Question

Solve the following equation:
\[\dfrac{x-2}{4}+\dfrac{1}{3}=x-\dfrac{2x-1}{3}\]

Answer 1

Hint: We solve this problem by rearranging the terms in the given equation such that we get all the variable terms on one side and the remaining terms on the other side. Then, we find the value of \['x'\] which will be the solution of the given equation. After getting the solution of the given equation we check it by substituting the solution in the given equation to check whether our solution is correct or wrong.

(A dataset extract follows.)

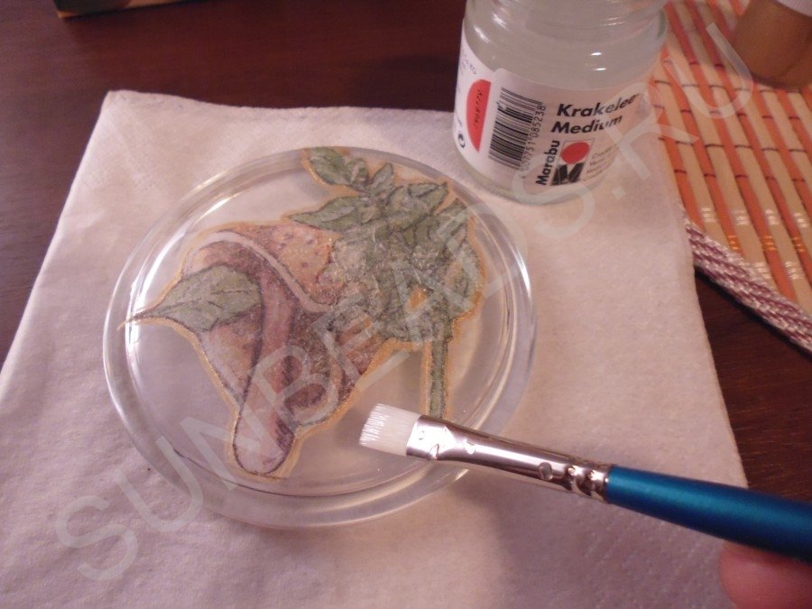 На свободное от рисунка пространство с тыльной стороны наносим лак «Кракелюр» плоской синтетической кистью. Даем ему немного подсохнуть (поверхность должна липнуть).

Complete step-by-step solution
We are given that the equation as
\[\dfrac{x-2}{4}+\dfrac{1}{3}=x-\dfrac{2x-1}{3}\]
Now, let us separate the terms in the fractions in the above equation then we get
\[\Rightarrow \dfrac{x}{4}-\dfrac{1}{2}+\dfrac{1}{3}=x-\dfrac{2x}{3}+\dfrac{1}{3}\]
Now, let us rearrange the terms in such a way that all the variable terms gets one side and the remaining terms gets other side and adding the terms using the LCM then we get
\[\begin{align}
  & \Rightarrow \dfrac{x}{4}-x+\dfrac{2x}{3}=\dfrac{1}{3}+\dfrac{1}{2}-\dfrac{1}{3} \\
 & \Rightarrow \dfrac{3x-12x+8x}{12}=\dfrac{1}{2} \\
 & \Rightarrow \dfrac{-x}{12}=\dfrac{1}{2} \\
\end{align}\]
Now, by cross multiplying the terms from LHS to RHS we get
\[\Rightarrow x=-6\]
Therefore, the solution of given equation is \[x=-6\]

Note: Students may sometimes get the solutions of equations even though they do not satisfy the given equation. But, we need to give the solution that satisfies the given equation.
So, for finding the solution that satisfy the given equation we need to check whether the solution we got is correct or wrong by substituting the solution we got in the given equation as we did above that is
Now by substituting the value \[x=-6\] in the given equation we get
\[\begin{align}
  & \Rightarrow \dfrac{-6-2}{4}+\dfrac{1}{3}=-6-\dfrac{-12-1}{3} \\
 & \Rightarrow -2+\dfrac{1}{3}=-6+\dfrac{13}{3} \\
 & \Rightarrow \dfrac{-5}{3}=\dfrac{-5}{3} \\
\end{align}\]
Here, we can see that both LHS and RHS are equal to each other.
So, we can say that the solution we got that \[x=-6\] is correct.